**Task requirements:**
Word for word, restate the lines from the one containing "为了让干事们在以后的工作中互" through the last line of the material, and include no pictures.

**Given material:**
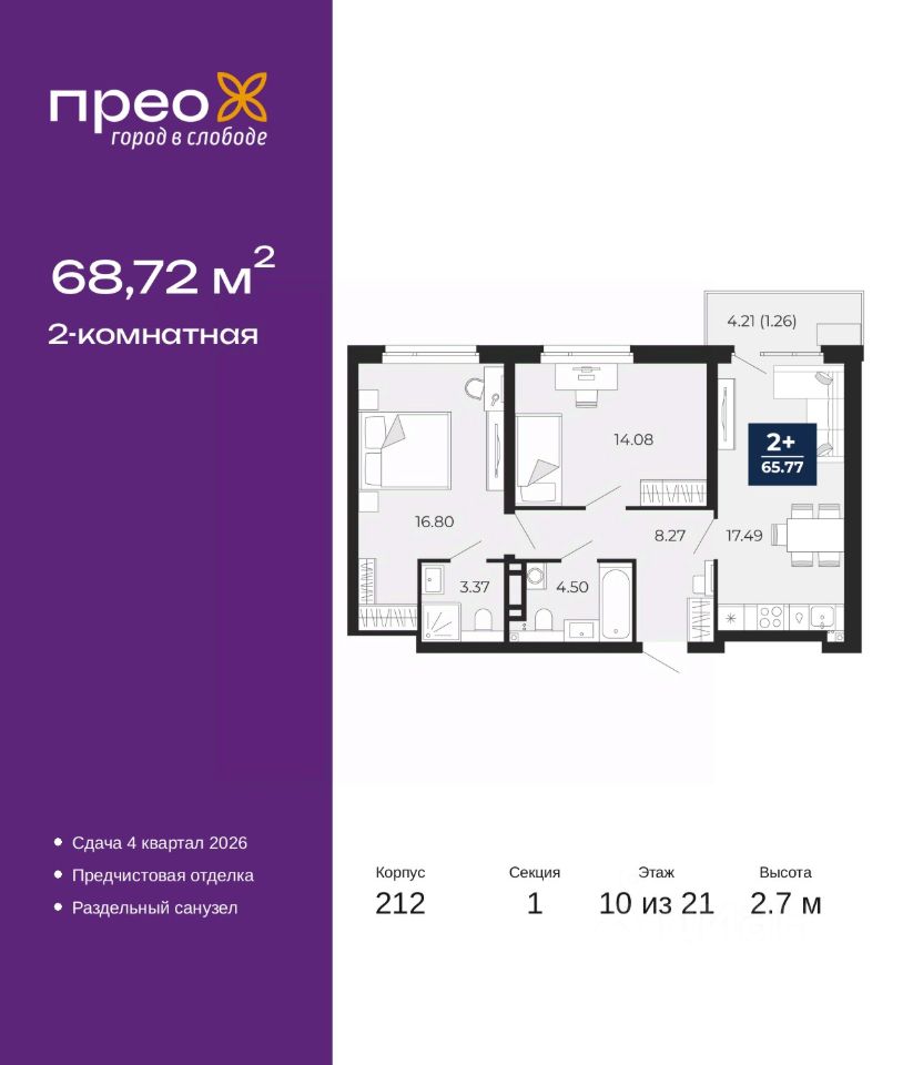 2-комн. квартира с предчистовой отделкой в ЖК "Прео" на 10 этаже. Общая площадь: 68.72 кв.м. Высота потолков 2.7 м.
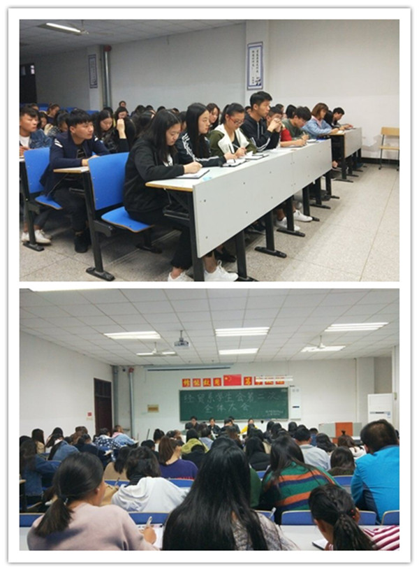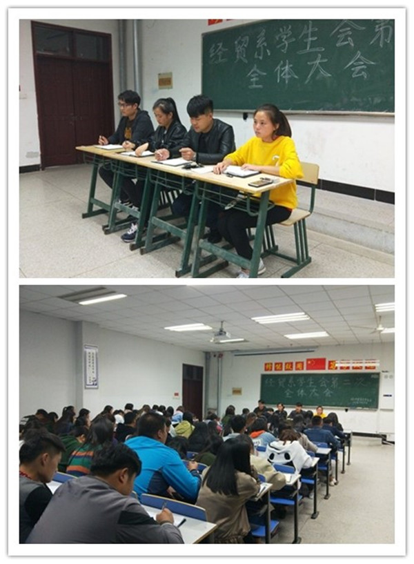 为了让干事们在以后的工作中互帮互助,团结友爱,展现学生会积极饱满的精神面貌。10月29日下午,经济贸易系在1101教室召开“经贸系学生会第二次全体大会”。经济贸易系全体成员参加此次会议。会议开始前,各部门进行工作汇报。
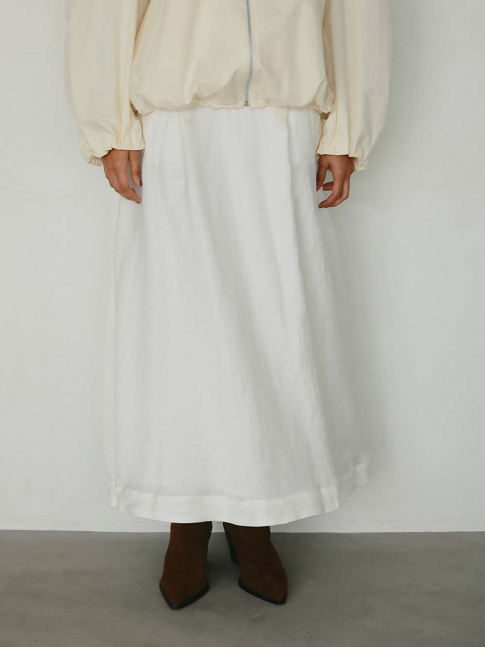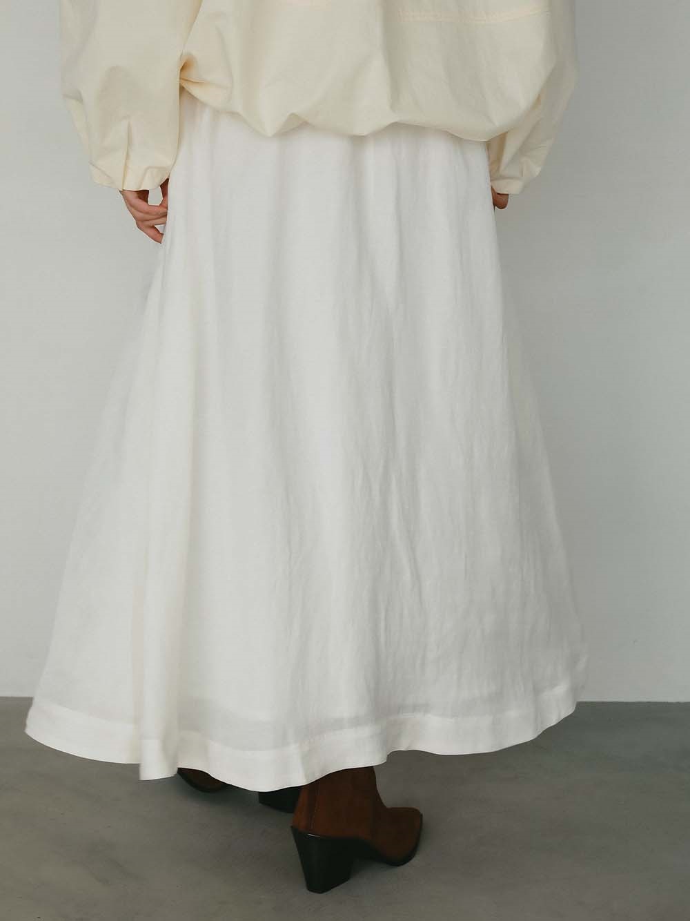 経糸にヴィスコース、緯糸にリネンを使用したツイル素材のフレアスカート。

**Answer to the exercise:**
 为了让干事们在以后的工作中互帮互助,团结友爱,展现学生会积极饱满的精神面貌。10月29日下午,经济贸易系在1101教室召开“经贸系学生会第二次全体大会”。经济贸易系全体成员参加此次会议。会议开始前,各部门进行工作汇报。
 経糸にヴィスコース、緯糸にリネンを使用したツイル素材のフレアスカート。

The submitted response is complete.